Amini’s death triggered protests across the country. Women across social media and even on live television started cutting their hair. The protestors burnt hijabs in public and shouted slogans such as “Women. Life. Freedom”, reported Vogue. The 2022 protests claimed nine lives.
Also Read: Iran’s dictatorship deserved universal condemnation—but US-Israel strikes not reliable cure
Anti war, happiness and spreading love
Iranian women have once again taken to social media to voice their resistance to the strikes on 28 February and the resulting escalation.
Ashoori wrote on Instagram that there is no rejoicing at war. She stressed the collapse of an ideology that murdered thousands of Iranian women who died fighting.
“My stance has always been and always will be anti-war, but I refuse to be boxed into a moral code that asks me to mourn a firing squad or not rejoice at their destruction. For 46 years, the Islamic regime has not been a government; it has been an occupying force at war with its own people, relentlessly massacring, assaulting and abusing with no mercy. Killing thousands of children, women and men in the process,” she wrote.

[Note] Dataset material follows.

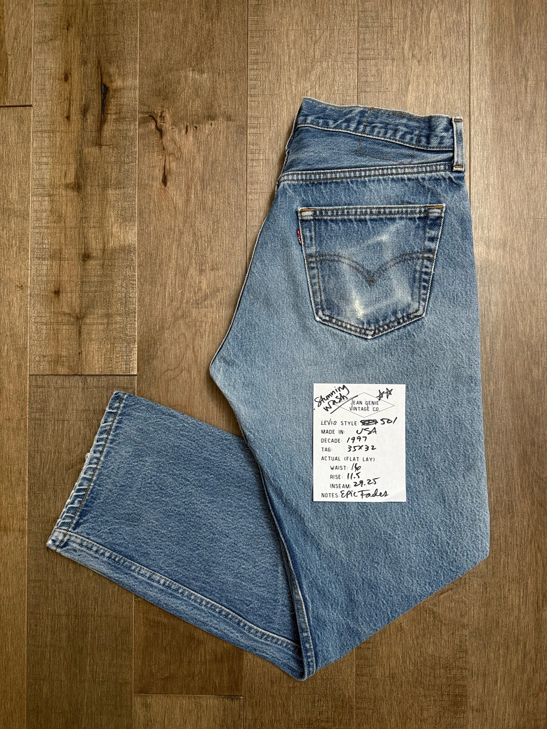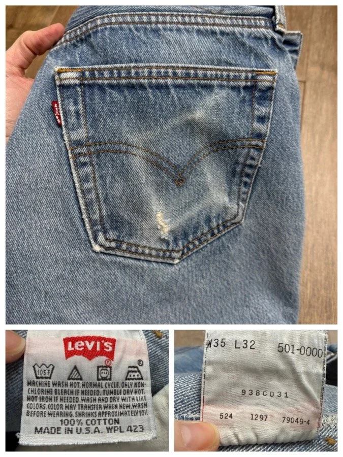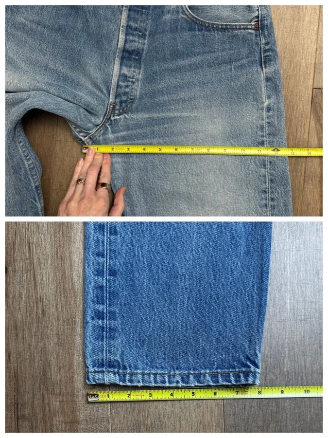 Sold as is. Keep in mind, vintage jeans are not new jeans. Every pair is at least 20 years old, most are older. This means they’ve been worn and likely have signs of wear - i.e. thinning areas, loose threads, signs of previous repair work, discolorations, faint (or not so faint stains), organic distressing, wear at the rivets, wear at the button holes. I do my best to describe these areas/signs of wear&tear, so please - before you buy - understand that you may receive your jeans and there will be signs of aging. Most buy vintage jeans wanting this, but if you want pristine new looking jeans, vintage likely isn’t for you. And that’s A-OK! Also note, the word “vintage” is not synonymous with super worn & faded. Vintage means over 20 years old. An item can be both vintage and still be new or like new condition.

In a video on X, Alinejad teared up as she said, “ I want to run, I want to shout.”
British-Iranian author Nazanin Zaghari-Ratcliffe was imprisoned for five years after she was allegedly found plotting against the Iranian government. Ratcliffe continues to speak about her traumatic experience.
Ratcliffe, at a public event in London, spoke about Khamenei’s death. She said that the supreme leader’s death is just the beginning of the end for a regime that has systemically abused its own citizens.
“I think it’s very naive to think that by removing (Khamenei) things are just going to be amazing, but I also understand that people can be quite excited about such an incident,” she said.